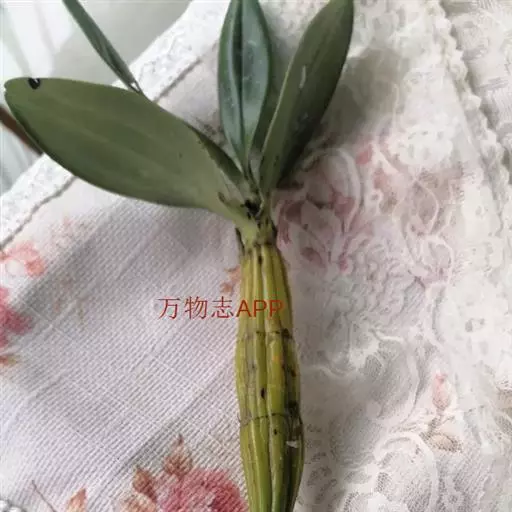 短棒石斛:茎肉质状,近扁的纺锤形,不分枝,具多数钝的纵条棱和少数节间。叶2-4枚近茎端着生,革质,…
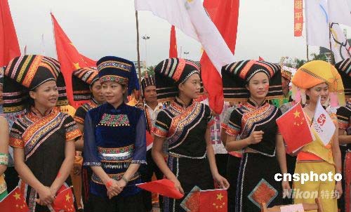 圖:壯族美女喜迎奧運(yùn)圣火
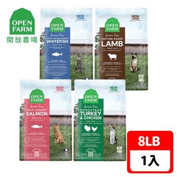 【OPEN FARM 開放農場】自然農選無穀寵糧-野撈鮮鮭魚/野撈季節白魚/草原野牧羊/放養跑山雞&火雞-8LB-全齡貓
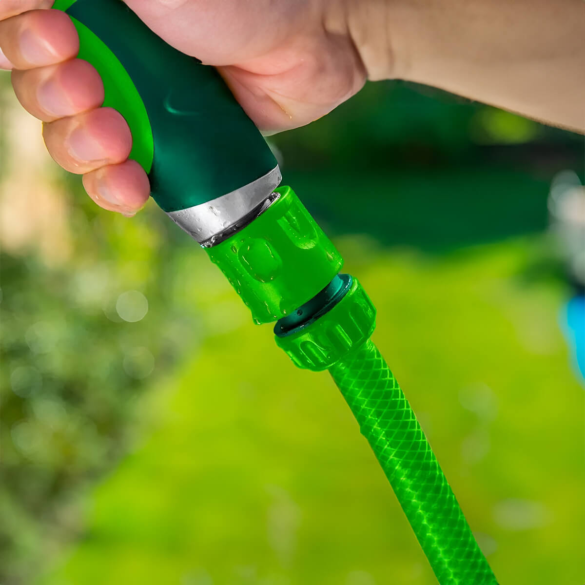 Conectorul VERTO 15G721 este utilizat pentru conectarea unui furtun cu diametrul de 1/2" la un accesoriu de udare. Sistemul aquastop permite schimbarea accesoriului pe furtun fără a închide apa de la robinet. Carcasa conectorului este fabricată din plastic de înaltă rezistență, asigurând durabilitate și fiabilitate în utilizare.
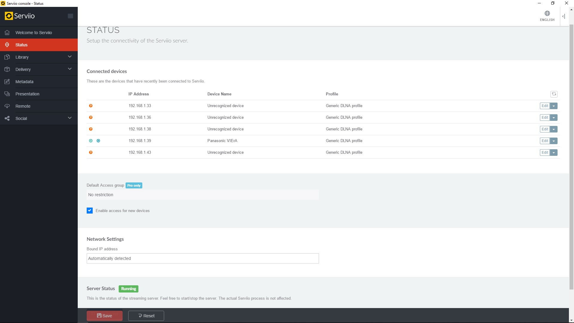 mám problém s DLNA serverem. Používám program serviio a vše donedávna běželo bez problémů. Dnes jsem však zjistil, že DLNA server sice běží, ale v seznamu zařízení (Connected devices) je u mé TV červený kroužek (Inactive). Ověřil jsem IP adresu TV - je správně zadaná. Stejně tak myslím, že je serviio povoleno ve firewallu. Nevíte, v čem by mohl být problém.
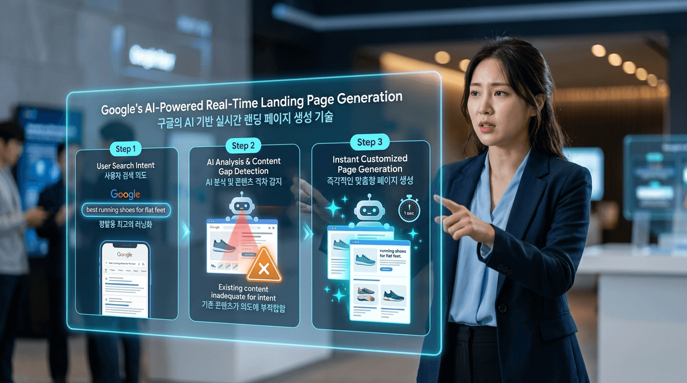 구글의 AI가 보기에 우리 웹사이트가 유저의 세밀한 검색 의도(예: 40대 남성, 비 오는 날, 제주도 등산)를 완벽하게 충족하지 못한다고 판단하면, 기존 URL 링크를 주는 대신 AI가 우리 브랜드 데이터를 긁어모아 '맞춤형 랜딩페이지'를 1초 만에 자동 생성해 준다는건데요.
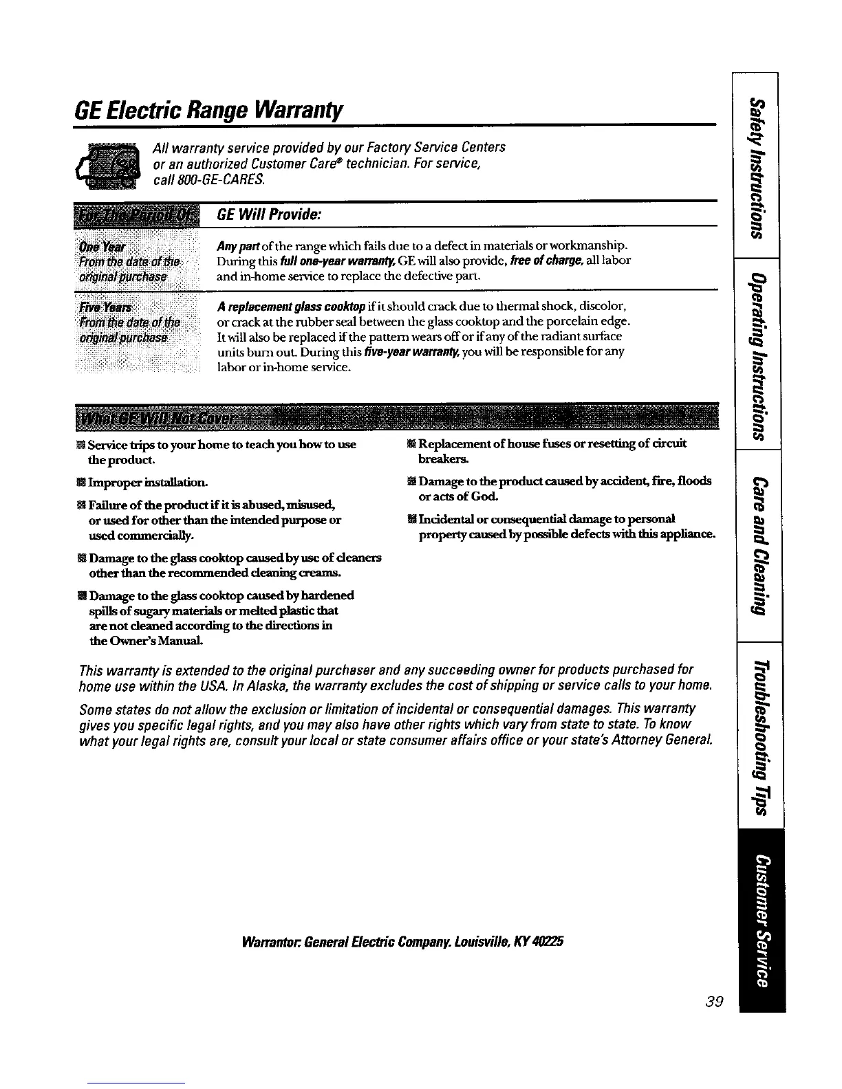 GEElectric Range Warranty

====

▶ _Activity_
From the line that contains "mám problém s" down to the final line of the entries above, please copy each line exactly, excluding pictures.

▶ _Response_
 mám problém s DLNA serverem. Používám program serviio a vše donedávna běželo bez problémů. Dnes jsem však zjistil, že DLNA server sice běží, ale v seznamu zařízení (Connected devices) je u mé TV červený kroužek (Inactive). Ověřil jsem IP adresu TV - je správně zadaná. Stejně tak myslím, že je serviio povoleno ve firewallu. Nevíte, v čem by mohl být problém.
 구글의 AI가 보기에 우리 웹사이트가 유저의 세밀한 검색 의도(예: 40대 남성, 비 오는 날, 제주도 등산)를 완벽하게 충족하지 못한다고 판단하면, 기존 URL 링크를 주는 대신 AI가 우리 브랜드 데이터를 긁어모아 '맞춤형 랜딩페이지'를 1초 만에 자동 생성해 준다는건데요.
 GEElectric Range Warranty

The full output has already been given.